SET Theory: On reading student evaluations of teaching

The school year is over, commencement has come and gone, grades are in, and the summer lies ahead of us, with all of its promise of research or rest or travel, and only one potential obstacle looms in the horizon – the dreaded teaching evaluations. We have all been traumatized and scarred by teaching evals at some point in our lives. If you’re in a privileged position like mine, with tenure, chair of your department, and no promotion coming any time soon (I am only eligible to go up for promotion in like three years), you can avoid the trauma using one simple trick: just don’t look, until you have to.  You know no one else will, either. But this is not the case for early career tenure-track faculty, postdocs and other visiting faculty, or for “tenure exempt” faculty (Linse, 2017). The fact is that so-called Student Evaluations of Teaching (SET) are still heavily used for reappointment and promotion, and sometimes requested by hiring committees. But another fact is that this data could potentially be useful even to senior faculty – for our own teaching but also as colleagues and mentors to these more vulnerable faculty. Last week, I attended a workshop at my institution run by my colleague in Chemistry Dr. Lynn Mandletort, designed to help us make the most of these teaching evaluations. In this post, I summarize some of my main takeaways from this workshop, and some suggestions and resources for further reading.

First, a disclaimer: This is NOT a post about how teaching evaluations are biased and awful – in my personal opinion they are, and there is a lot of writing on this very issue you can find elsewhere. For example, see this great post by Anna Haensch on the AMS Blog on Math Blogs for a few resources. Also, after doing some of the reading recommended by Lynn, it is possible that evals are not as biased and awful as I thought, but more on that later. This is a post about what we do with the measures we already have.

But why is this on the i/e blog? Good question, dear reader. Like I said above, there is a lot of research showing that SETs are biased, especially against women professors and professors of color. This is so well known by now, that there are even comedic pieces about it, see this McSweeney’s piece for a “fun” drinking game on this topic… Linse, in her article “Interpreting and using student ratings data”, claims that much of this research is overblown and maybe gives too much weight to what she calls “rare” data or outliers. I am not a sociologist nor am I an expert in these matters. But the fact is that even if not making a statistically significant difference to our ratings, the impact on women faculty, faculty of color, and other marginalized groups seen as “outsiders” to academia, is not just about statistical significance. This is emotionally taxing, on top of other emotionally taxing things that these faculty already have to do. I also wonder about how a person’s teaching  is affected when they are constantly exposed to micro and macro aggressions from other faculty and students. At any rate, if you are faculty of color or woman faculty, “well, your low ratings might not ONLY be due to your gender/ethnicity/race” is not really all that helpful.

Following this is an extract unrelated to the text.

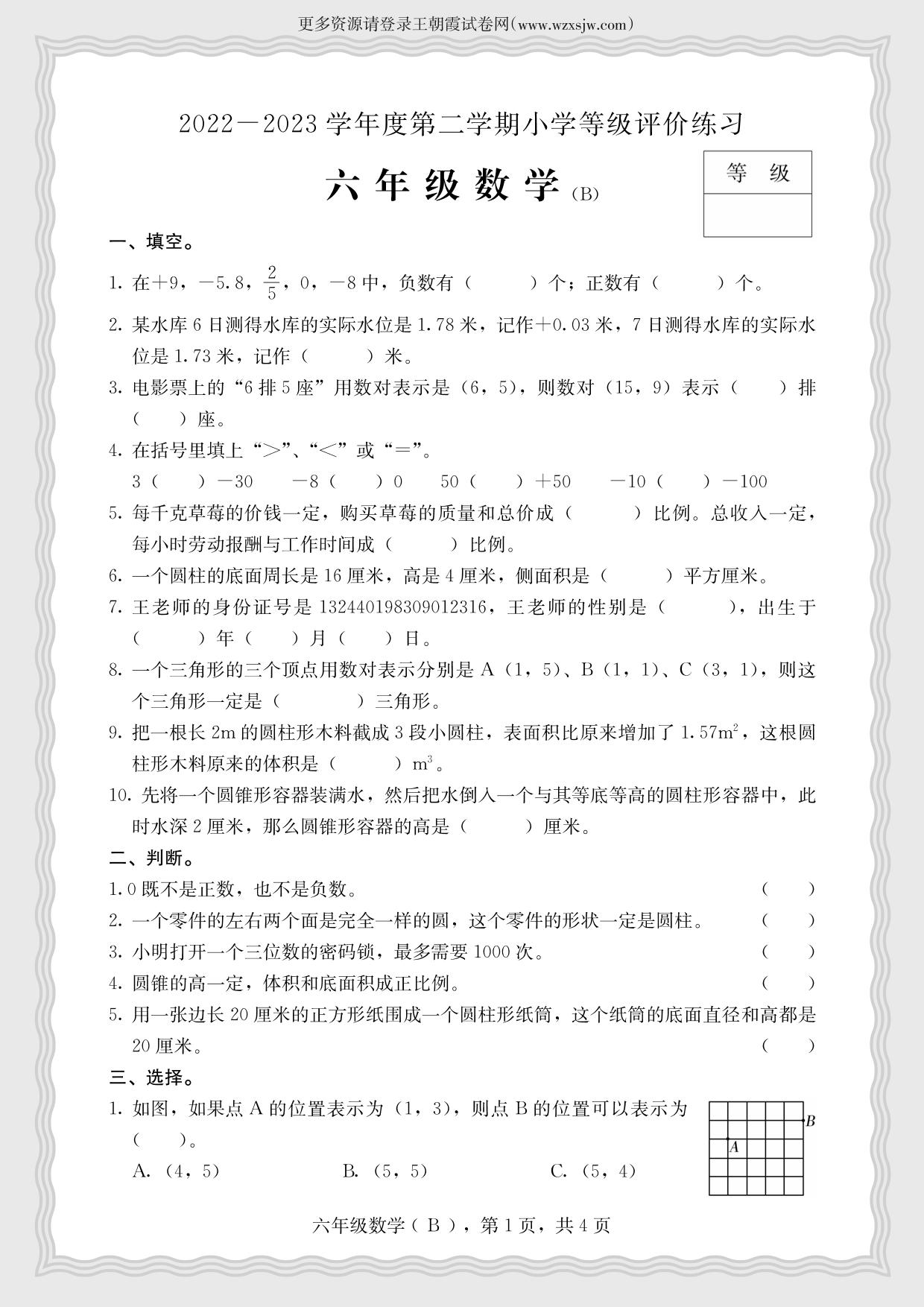河北省石家庄市高邑县2022-2023学年度第二学期小学等级评价练习期中试卷六年级数学(冀教版)

SO, that said, after being through that workshop last week, I realized that there were ways to digest the data that were more useful and less traumatic to me, and that I should share this with the i/e community. The bonus is that this should be helpful to everyone, not just mathematics instructors from minoritized groups.

Finally, the workshop!

Lynn started by emphasizing a new term/language for what we have so far called SETs – instead, we should call them Student Ratings of Instruction (SRIs). She gave us three guiding principles for what the data are (and are not), similar to those in (Linse, 2017):

  • Students ratings are student perception data.
  • Student ratings are not faculty evaluations.
  • Student ratings are not measures of student learning.

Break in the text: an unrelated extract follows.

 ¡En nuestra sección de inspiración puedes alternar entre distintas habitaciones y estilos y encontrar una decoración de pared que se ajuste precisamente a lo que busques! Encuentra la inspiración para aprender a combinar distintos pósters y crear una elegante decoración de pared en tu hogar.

So, how do these student ratings (or student perceptions) help us with our own teaching? First, we have to be able to organize the data in ways that are useful. Lynn led us through three main steps for this process.

Step 1: Big picture

Bates does online teaching evaluations, and we can download a .csv file with all of the data (quantitative and qualitative). After downloading, Lynn recommended we sort the data by student. When you sort the data by question or item, you might miss the “trolls” – students with a negative perception who are not representative of your class as a whole, or students with strong biases against you. We also did conditional formatting on the spreadsheet to the numerical scores to look for clumps of different colors. (See image below). This was so much easier to scan than numbers, and the feeling of seeing lots of green on my spreadsheet was great – even thought there were some yellows and reds. She then asked us to try to answer the questions: “Are there individual students who seemed to have an overall “bad” time with a string of low numbers in their responses?”

Student 9 was not a total fan, but not a total hater either…

She advised us to disregard the numerical data (especially the dreaded box plot comparing you to the whole campus, see below for the fuel of my nightmares), unless we had been teaching a course for many years, and only then to compare our new data to our old data, not to others (not even those teaching the same course in the same way).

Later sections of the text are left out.